▶ _To do_
Please leave out pictures and print exactly the lines from the one that has "Broaden your memories" through the last line of the material below.

==== Supplied material

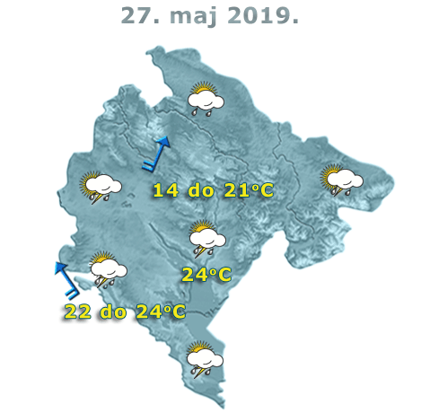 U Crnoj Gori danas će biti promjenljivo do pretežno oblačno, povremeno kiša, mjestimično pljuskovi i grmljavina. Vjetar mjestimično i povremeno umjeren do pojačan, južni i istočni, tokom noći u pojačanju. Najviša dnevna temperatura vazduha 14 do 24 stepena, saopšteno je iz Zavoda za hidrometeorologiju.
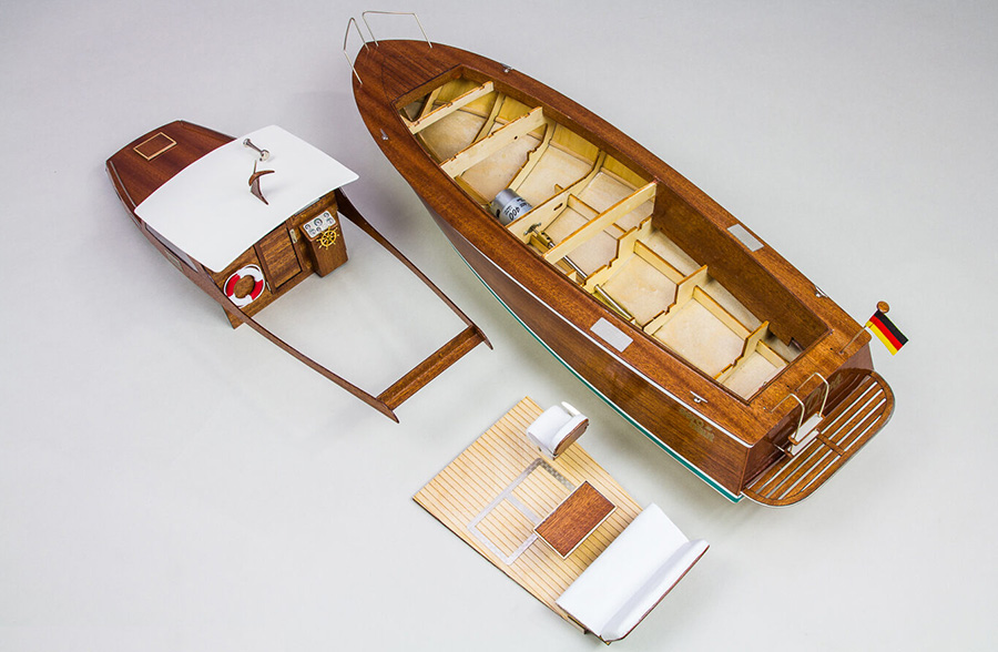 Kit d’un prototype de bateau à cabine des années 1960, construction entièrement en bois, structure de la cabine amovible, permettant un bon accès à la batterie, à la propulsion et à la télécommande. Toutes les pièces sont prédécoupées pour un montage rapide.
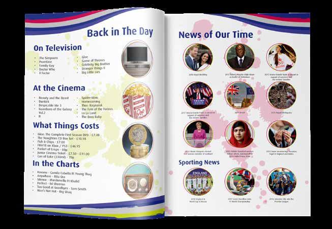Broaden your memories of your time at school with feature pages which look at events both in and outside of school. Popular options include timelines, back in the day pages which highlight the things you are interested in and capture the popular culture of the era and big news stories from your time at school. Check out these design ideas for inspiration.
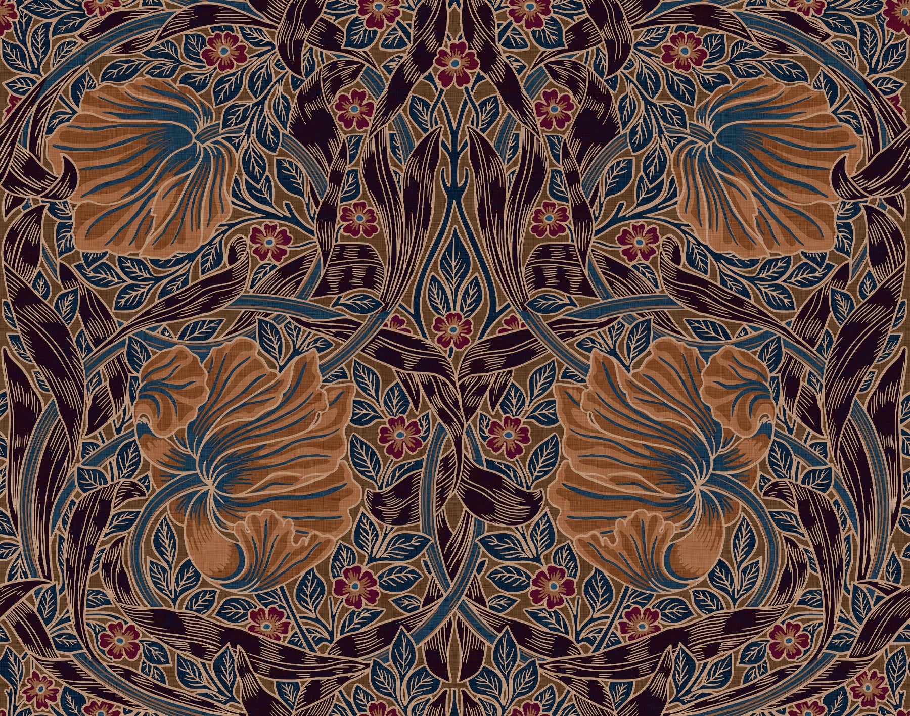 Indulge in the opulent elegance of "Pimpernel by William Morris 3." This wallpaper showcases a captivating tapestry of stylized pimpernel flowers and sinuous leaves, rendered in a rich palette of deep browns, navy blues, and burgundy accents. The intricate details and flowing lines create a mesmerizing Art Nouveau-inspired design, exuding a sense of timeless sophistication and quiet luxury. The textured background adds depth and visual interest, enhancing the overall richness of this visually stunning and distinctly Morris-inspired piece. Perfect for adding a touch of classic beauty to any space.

========

▶ _Result for this task_
Broaden your memories of your time at school with feature pages which look at events both in and outside of school. Popular options include timelines, back in the day pages which highlight the things you are interested in and capture the popular culture of the era and big news stories from your time at school. Check out these design ideas for inspiration.
 Indulge in the opulent elegance of "Pimpernel by William Morris 3." This wallpaper showcases a captivating tapestry of stylized pimpernel flowers and sinuous leaves, rendered in a rich palette of deep browns, navy blues, and burgundy accents. The intricate details and flowing lines create a mesmerizing Art Nouveau-inspired design, exuding a sense of timeless sophistication and quiet luxury. The textured background adds depth and visual interest, enhancing the overall richness of this visually stunning and distinctly Morris-inspired piece. Perfect for adding a touch of classic beauty to any space.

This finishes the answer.